Lidiia S Samarina,Valentina I Malyarovskaya,Alexandra O Matskiv,Natalia G Koninskaya,Alexandr V Bobrovskikh,Yuriy L Orlov,Enhua Xia,Alexey V Ryndin,Wei Tong,Ruslan S Rakhmangulov,Alexey V Doroshkov,Lyudmila S Malyukova,Karina A Manakhova

doi:10.3389/fgene.2020.611283

Abstract

Cold and drought are two of the most severe threats affecting the growth and productivity of the tea plant, limiting its global spread. Both stresses cause osmotic changes in the cells of the tea plant by decreasing their water potential. To develop cultivars that are tolerant to both stresses, it is essential to understand the genetic responses of tea plant to these two stresses, particularly in terms of the genes involved. In this study, we combined literature data with interspecific transcriptomic analyses (using Arabidopsis thaliana and Solanum lycopersicum) to choose genes related to cold tolerance. We identified 45 stress-inducible candidate genes associated with cold and drought responses in tea plants based on a comprehensive homologous detection method. Of these, nine were newly characterized by us, and 36 had previously been reported. The gene network analysis revealed upregulated expression in ICE1-related cluster of bHLH factors, HSP70/BAM5 connected genes (hexokinases, galactinol synthases, SnRK complex, etc.) indicating their possible co-expression. Using qRT-PCR we revealed that 10 genes were significantly upregulated in response to both cold and drought in tea plant: HSP70, GST, SUS1, DHN1, BMY5, bHLH102, GR-RBP3, ICE1, GOLS1, and GOLS3. SnRK1.2, HXK1/2, bHLH7/43/79/93 were specifically upregulated in cold, while RHL41, CAU1, Hydrolase22 were specifically upregulated in drought. Interestingly, the expression of CIP was higher in the recovery stage of both stresses, indicating its potentially important role in plant recovery after stress. In addition, some genes, such as DHN3, bHLH79, PEI54, SnRK1.2, SnRK1.3, and Hydrolase22, were significantly positively correlated between the cold and drought responses. CBF1, GOLS1, HXK2, and HXK3, by contrast, showed significantly negative correlations between the cold and drought responses. Our results provide valuable information and robust candidate genes for future functional analyses intended to improve the stress tolerance of the tea plant and other species.

Highlights

Cold and drought reduce the yield and geographical distribution of most horticultural crops worldwide
A set of 52 genes was involved in the analyses, including nine de novo predicted genes from transcriptomic data analyses and 43 from recent articles related to the cold tolerance of C. sinensis
The following genes were drawn from the literature: bHLH factors (9), GsSRK (2), SnRK1 (3), HXKs (3), ERF (3), WRKY (2), dehydrins (2), late embryogenesis abundant proteins (2), and others (CBF1, ICE1, ZAT, HSP70, PRP, CIP, PEI54, TLP, POD, GST, BMY, ALE2, and FLS2)

Summary

Introduction

Cold and drought reduce the yield and geographical distribution of most horticultural crops worldwide.
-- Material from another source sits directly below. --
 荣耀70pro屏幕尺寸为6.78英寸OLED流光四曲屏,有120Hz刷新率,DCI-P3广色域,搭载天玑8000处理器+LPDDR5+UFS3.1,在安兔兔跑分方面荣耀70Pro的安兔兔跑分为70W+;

Both can lead to decreased water potential of tissues and induce reactive oxygen species accumulation, which causes severe damage to various cellular components (Minhas et al, 2017). It is important to identify these common and unique responses under cold and drought stress for understanding the cross-talk mechanisms. To develop cultivars that are tolerant to both cold and drought, it is necessary to reveal the genes that are involved in both stresses and elucidate their response mechanisms to develop genetic markers that can help facilitate breeding programs (Minhas et al, 2017)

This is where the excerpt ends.